Brief: Pictures excluded, please retype exactly the lines from the start of the data through the line that contains "Практическая производительность мясорубки", both ends kept, and nothing beyond them.

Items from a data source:
■ ■ ■ ■

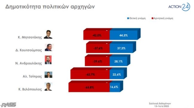 Προβάδισμα 23,4 ποσοστιαίων μονάδων της ΝΔ έναντι του ΣΥΡΙΖΑ εμφανίζει η δημοσκόπηση της RASS, που διενεργήθηκε για λογαριασμό του ACTION24.
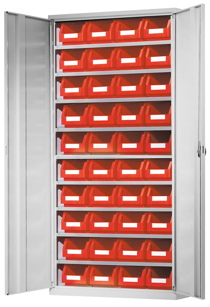 · Solide, innen und aussen schlag- und kratzfeste Stahlkonstruktion mit Kunststoffbeschichtung in RAL 7035 lichtgrau · Fachböden aus verzinktem Stahlblech, im Raster von 15 mm verstellbar · Tür-Öffnungswinkel über 180° · Dreiriegeliges Sicherheits-Zylinderschloss mit versenkbarem Drehgriff · Die Bestückung mit Sichtlagerkästen erfolgt je Größe und farblich sortiert
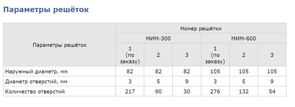 Практическая производительность мясорубки зависит от скорости подачи оператором порезанного кусочками продукта к шнеку, сортности перерабатываемого мяса, качества заточки инструмента. Для получения фарша разной степени измельчения мясорубка снабжена набором ножевых решеток с отверстиями различных размеров. Решетки вставляются в корпус мясорубки и удерживаются от проворачивания шпонкой.
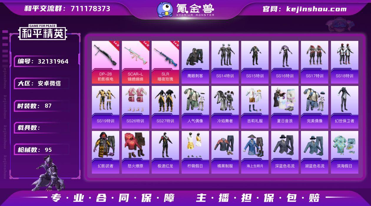 安卓 微信-0粉装-3特效枪-0载具-1粉色飞行器-26704热力值-4王牌印记-87套装-95枪皮 【粉色枪皮等级】:SCAR-L-锦绣绵绵(五级),SLR-暗夜玫瑰(五级),DP-28-豹影疾电(五级) 【粉色枪皮】:SCAR-L-锦绣绵绵,SLR-暗夜玫瑰,DP-28-豹影疾电 【粉色飞行器】:炫彩糖果飞行器 【粉色降落伞】:梦幻火箭降落伞,香水柠檬降落伞,齐天大圣降落伞,恐龙拽拽降落伞,炫彩糖果降落伞 【稀有套装】:套装-炫彩糖果 【稀有枪皮】:AKM-夜灯,AKM-彩虹符号,AKM-影袭,AKM-萌趣颜团子,AKM-虎虎生威,AKM-霓虹街区,M16A4-幻世战舞者,SCAR-L-暗夜玫瑰,SCAR-L-炫彩节奏,SCAR-L-红色方程式,M416-红色方程式,M416-蓝色火焰,GROZA-彩虹符号,GROZA-影袭,AUG-天降萌叽,QBZ-彩虹符号,QBZ-电玩视界,QBZ-飞驰魅影,M762-天降萌叽,M762-瑞龙福将,M762-绯红前夜,AC-VAL-快闪甜心,UZI-天降萌叽,UZI-影袭,UZI-炫彩节奏,UZI-红色方程式,UMP45-夜灯,UMP45-生命誓言,UMP45-蓝色火焰,Vector-彩虹符号,汤姆逊-耀粉歌者,野牛-电玩视界,P90-快闪甜心,P90-飞驰魅影,Kar98K-彩虹符号,Kar98K-炫彩节奏,Kar98K-飞驰魅影,M24-影袭,AWM-王牌四分卫,SKS-夜灯,Win94-瑞龙福将,MK20-H-快闪甜心,S686-生命誓言,S1897-飞驰魅影,S12K-瑞龙福将,S12K-幻世战舞者,DP-28-彩虹符号,MG3-幻世战舞者,MG3-瑞龙福将,沙漠之鹰-快闪甜心 【其他套装】:套装-SS14特训,套装-SS15特训,套装-SS16特训,套装-SS17特训,套装-SS18特训,套装-SS19特训,套装-SS26特训,套装-SS27特训,套装-人气偶像,套装-冷焰舞者,套装-吉莉礼服,套装-夏日音浪,套装-完美偶像,套装-幻世保卫者,套装-幻影武者,套装-怒火燎原,套装-极速红龙,套装-柠萌假日,套装-橘黑制服,套装-海上生明月,套装-深蓝色名流,套装-湖蓝色名流,套装-滨海假...
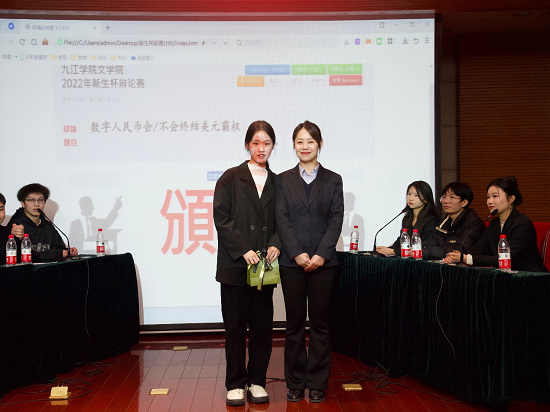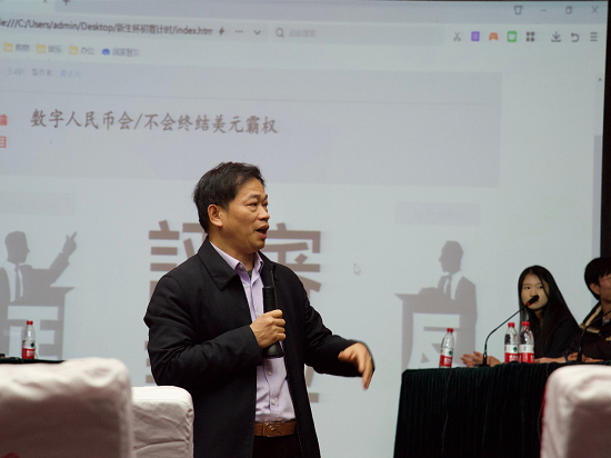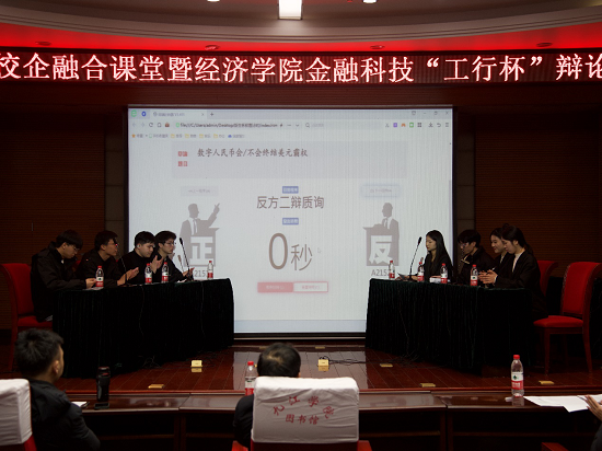 为进一步拓展推进校企合作育人渠道,12月1日下午,金融学教研室在逸夫图书馆报告厅举办首届金融科技校企融合课堂暨“工行杯”辩论赛金融工程专业A2151和A2152两个班学生代表分别作为正反方,以“数字人民币会不会终结美元霸权”为辩题展开辩论。金融学教研室部分老师、院团委和工商银行九江市十里支行实务专家参加活动,并担任辩论赛评委,此次活动得到工商银行九江市十里支行的赞助支持。
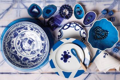 Una vista cenital de la mesa con mantel de gabardina ‘Kashiwa’ teñido ($450, Texturas Urbanas) para un mix de vajilla en tonos de azul. Desde arriba: plato de vidrio ($79, Falabella) y bol de porcelana china ($1.850). En el centro, dos platos de postre pintados con diferentes motivos ($530 c/u, George Home Couture) separados por otro a rayas ($180). Cucharas de madera ($120, Domínguez Home), collares de perlas, anillos de lapislázuli y ónix azul con plata 925 (todo de Fernando Repiso), chapas de ágata natural ($340), un vaso portavela ($64) y dados decorativos ($420 el juego) salpican la escena. Rematan la servilleta bordada ($370, todo de George Home Couture), los bol ‘Zapallo’ ($200) y ‘Mini paltas’ (70 c/u, todo de SUD).

■ ■ ■ ■

Output below:
 Προβάδισμα 23,4 ποσοστιαίων μονάδων της ΝΔ έναντι του ΣΥΡΙΖΑ εμφανίζει η δημοσκόπηση της RASS, που διενεργήθηκε για λογαριασμό του ACTION24.
 · Solide, innen und aussen schlag- und kratzfeste Stahlkonstruktion mit Kunststoffbeschichtung in RAL 7035 lichtgrau · Fachböden aus verzinktem Stahlblech, im Raster von 15 mm verstellbar · Tür-Öffnungswinkel über 180° · Dreiriegeliges Sicherheits-Zylinderschloss mit versenkbarem Drehgriff · Die Bestückung mit Sichtlagerkästen erfolgt je Größe und farblich sortiert
 Практическая производительность мясорубки зависит от скорости подачи оператором порезанного кусочками продукта к шнеку, сортности перерабатываемого мяса, качества заточки инструмента. Для получения фарша разной степени измельчения мясорубка снабжена набором ножевых решеток с отверстиями различных размеров. Решетки вставляются в корпус мясорубки и удерживаются от проворачивания шпонкой.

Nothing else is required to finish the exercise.